From the first line to the last, set down the material exactly, leaving out its pictures.

RECORDS SUPPLIED START

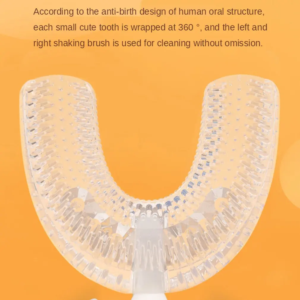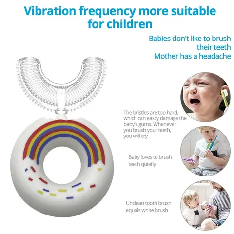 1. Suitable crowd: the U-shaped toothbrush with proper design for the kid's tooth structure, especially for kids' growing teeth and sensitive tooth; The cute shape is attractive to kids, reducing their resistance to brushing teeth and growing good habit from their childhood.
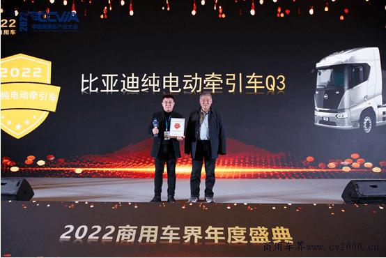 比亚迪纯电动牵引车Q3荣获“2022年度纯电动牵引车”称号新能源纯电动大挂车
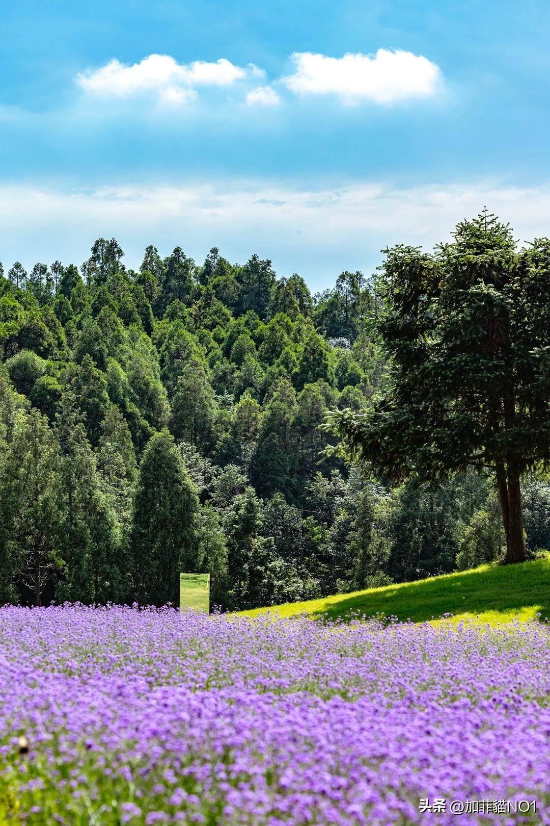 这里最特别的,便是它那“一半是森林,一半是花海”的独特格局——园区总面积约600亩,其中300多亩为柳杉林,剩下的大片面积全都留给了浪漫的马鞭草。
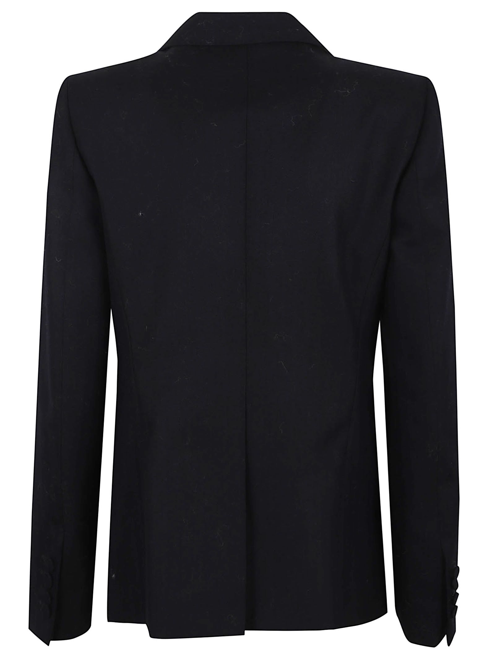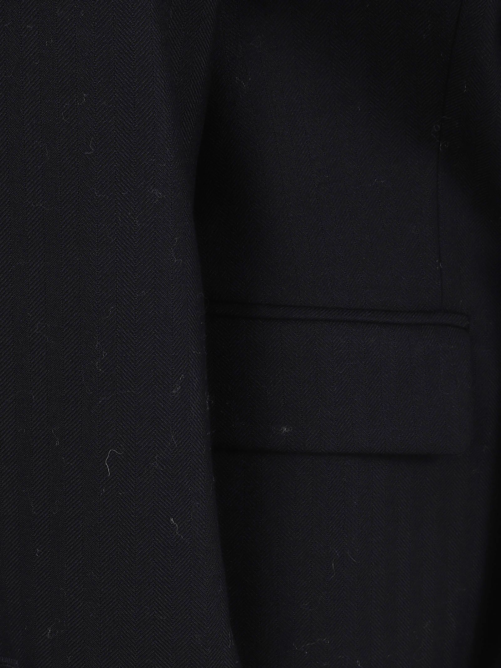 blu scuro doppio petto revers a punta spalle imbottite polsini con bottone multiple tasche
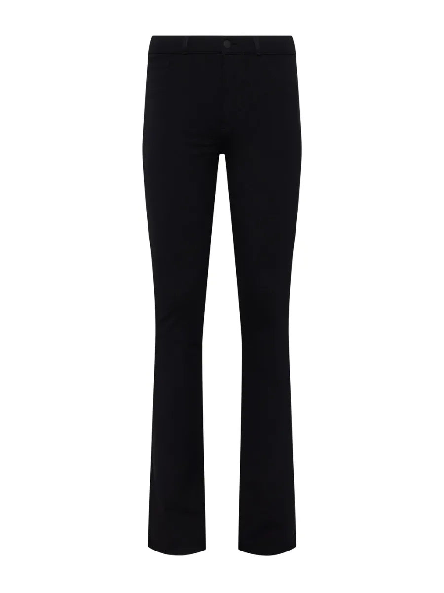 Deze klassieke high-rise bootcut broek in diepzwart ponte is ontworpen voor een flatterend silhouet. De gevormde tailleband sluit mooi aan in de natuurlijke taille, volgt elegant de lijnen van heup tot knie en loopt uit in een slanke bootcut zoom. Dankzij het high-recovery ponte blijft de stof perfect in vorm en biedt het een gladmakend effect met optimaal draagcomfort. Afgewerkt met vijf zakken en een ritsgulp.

RECORDS SUPPLIED END

> **SOLUTION FOR THIS TASK**
 1. Suitable crowd: the U-shaped toothbrush with proper design for the kid's tooth structure, especially for kids' growing teeth and sensitive tooth; The cute shape is attractive to kids, reducing their resistance to brushing teeth and growing good habit from their childhood.
 比亚迪纯电动牵引车Q3荣获“2022年度纯电动牵引车”称号新能源纯电动大挂车
 这里最特别的,便是它那“一半是森林,一半是花海”的独特格局——园区总面积约600亩,其中300多亩为柳杉林,剩下的大片面积全都留给了浪漫的马鞭草。
 blu scuro doppio petto revers a punta spalle imbottite polsini con bottone multiple tasche
 Deze klassieke high-rise bootcut broek in diepzwart ponte is ontworpen voor een flatterend silhouet. De gevormde tailleband sluit mooi aan in de natuurlijke taille, volgt elegant de lijnen van heup tot knie en loopt uit in een slanke bootcut zoom. Dankzij het high-recovery ponte blijft de stof perfect in vorm en biedt het een gladmakend effect met optimaal draagcomfort. Afgewerkt met vijf zakken en een ritsgulp.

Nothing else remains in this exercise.